Fair dues Scarlett. We call them " fair weather friends" I have other names but can't post them.

Aisling xx
 

pamann

Registered User
Oct 28, 2013
2,635
0
Kent
Hello casbow 2days in respite is not enough, most care homes will only do 1 or 2 weeks, you need at least a week to give you a rest, l didn't visit my husband for 2 weeks, l did phone the home everyday, keep phoning the SW, you need help now.
 

Casbow

Registered User
Sep 3, 2013
1,054
0
77
Colchester
Thank you all. Yes I have decided on a week. I will ring SW tomorrow to see if she has made some enquiries for me.!!xxx
 

Metalobob

Registered User
Apr 22, 2016
3
0
Vascular Parkinson's and dementia

Hi all,

My wife has had dementia, mixed type, for around 3 years but looking back probably longer. She was diagnosed with vascular Parkinson's around 3 months ago, medication is not working, she is partially sighted and very deaf, can anyone one help me to devise a plan to break out of her depression. We have just started a cognitive therapy group, does it help.
 

Scarlett123

Registered User
Apr 30, 2013
3,802
0
Essex
Hi all,

My wife has had dementia, mixed type, for around 3 years but looking back probably longer. She was diagnosed with vascular Parkinson's around 3 months ago, medication is not working, she is partially sighted and very deaf, can anyone one help me to devise a plan to break out of her depression. We have just started a cognitive therapy group, does it help.

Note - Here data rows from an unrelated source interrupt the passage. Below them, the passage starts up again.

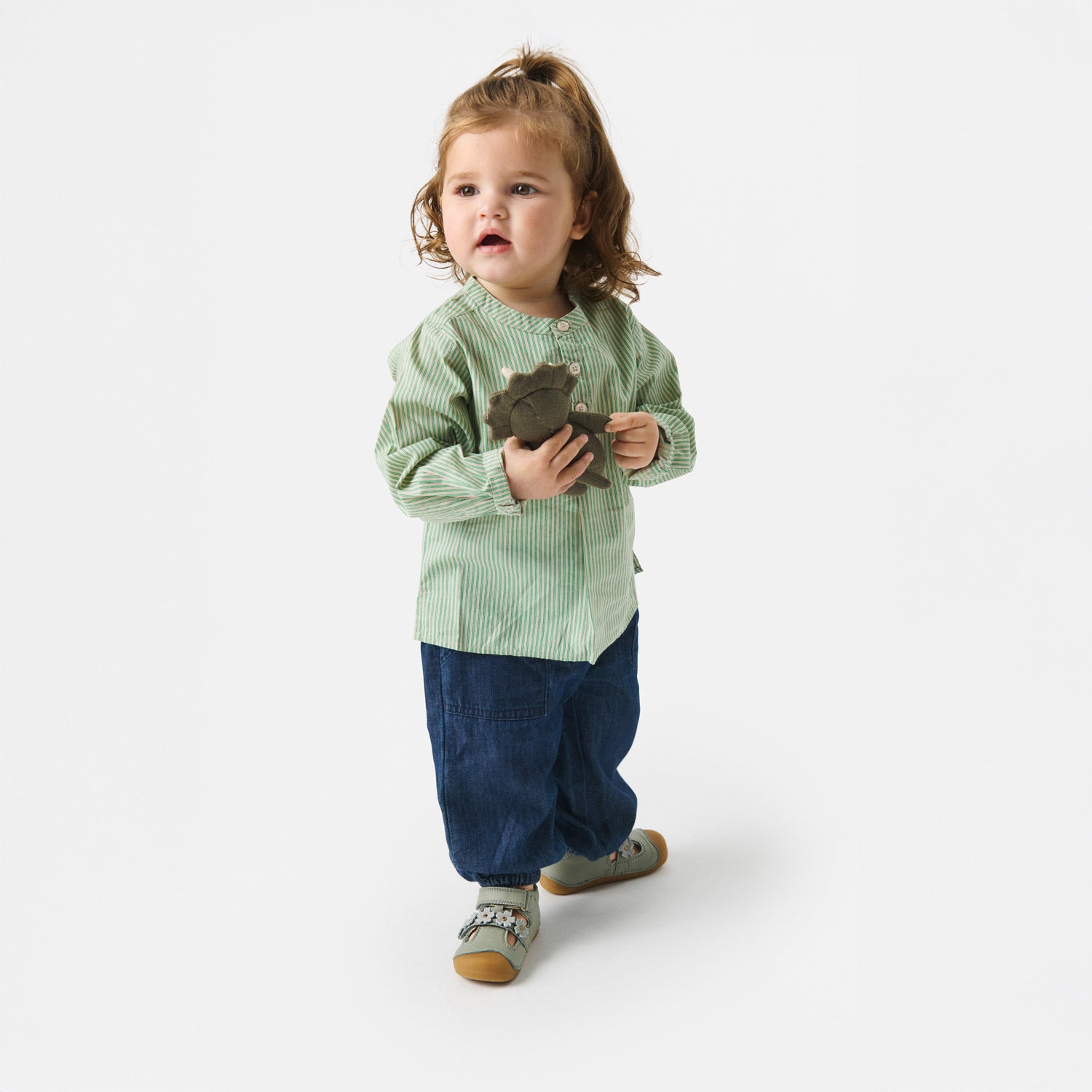 Bei der Entwicklung der Sandale wurde besonderer Wert auf Weichheit, Passform und Flexibilität gelegt, was für kleine Füße, die die Sandale oft über einen längeren Zeitraum tragen werden, entscheidend ist. Die flexible, weiche Sohle gibt dem Kind natürliche Bewegungsfreiheit, während die strapazierfähige Gummispitze die Füße beim Krabbeln, Aufstehen und Üben des Stehens und Gehens schützt. Die Gummispitze sorgt für zusätzliche Robustheit und schützt die kleinen Zehen beim Spielen und Erforschen.
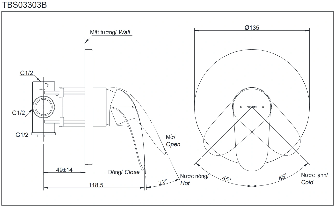 TBS03303B nổi bật với thiết kế gọn gàng, bề mặt mạ crom sáng bóng, chống oxy hóa và bám bẩn. Sản phẩm có khả năng trộn nóng lạnh linh hoạt, điều chỉnh nhiệt độ chính xác và nhanh chóng.
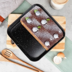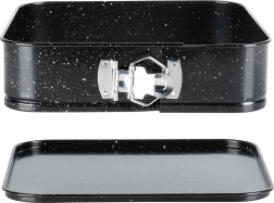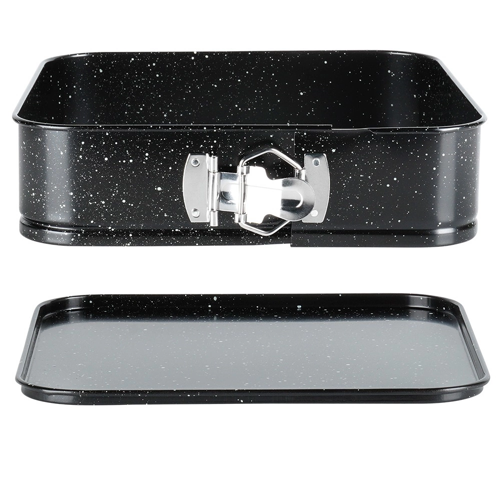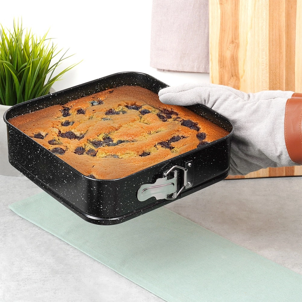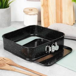 Kvadratinė išardoma forma, kurios matmenys 24 × 24 × 6,8 cm, yra patikimas pasirinkimas kasdieniam kepimui. Dėl atsegamų šonų ir išimamo dugno išimsite iškepusį tešlos gaminį nepažeisdami formos ir su minimaliomis pastangomis. Granitinė nelipni danga sumažina riebalų poreikį ir palengvina valymą.
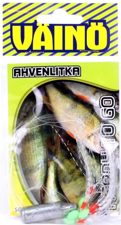 Käyttövalmis ahvenlitka 5 koukulla. Sisältää painon.

Hi and welcome to Talking Point. :) You'll get lots of help and support from the other people on here, and I'm sure someone will be along soon who has had experience of a cognitive therapy group.
 

Casbow

Registered User
Sep 3, 2013
1,054
0
77
Colchester
Hi all,

My wife has had dementia, mixed type, for around 3 years but looking back probably longer. She was diagnosed with vascular Parkinson's around 3 months ago, medication is not working, she is partially sighted and very deaf, can anyone one help me to devise a plan to break out of her depression. We have just started a cognitive therapy group, does it help.

Hi there Metalobob. My husband went to Cognitive therapy way back. Can't remember exactly how long ago. He went for one and half hours once a week. He really enjoyed it and always came out happy. Not sure that it did any good with his vascular dementia but it gave me a little break for the 6 week course. Try to accept anything that will give you a break. One reason for yourself and the other to give your wife something to do that doesn't rely on you. We are 9 years down the line with dementia and my husband doesn't want visitors in the house and doesn't want to go out very much. We are very housebound and life for me is totally boring. I am trying to get a weeks respite arranged to give me a break. Try to get your wife into a day centre if possible as soon as you can. It is good for both of you to have time apart. I wish I had got my husband into a day centre. Now its too late. Good luck to you.x
 

Aisling

Registered User
Dec 5, 2015
1,804
0
Ireland
Thank you all. Yes I have decided on a week. I will ring SW tomorrow to see if she has made some enquiries for me.!!xxx
I

Good decision Casbow. Hope you get help soon. You may have to keep asking and tell them you are exhausted from caring.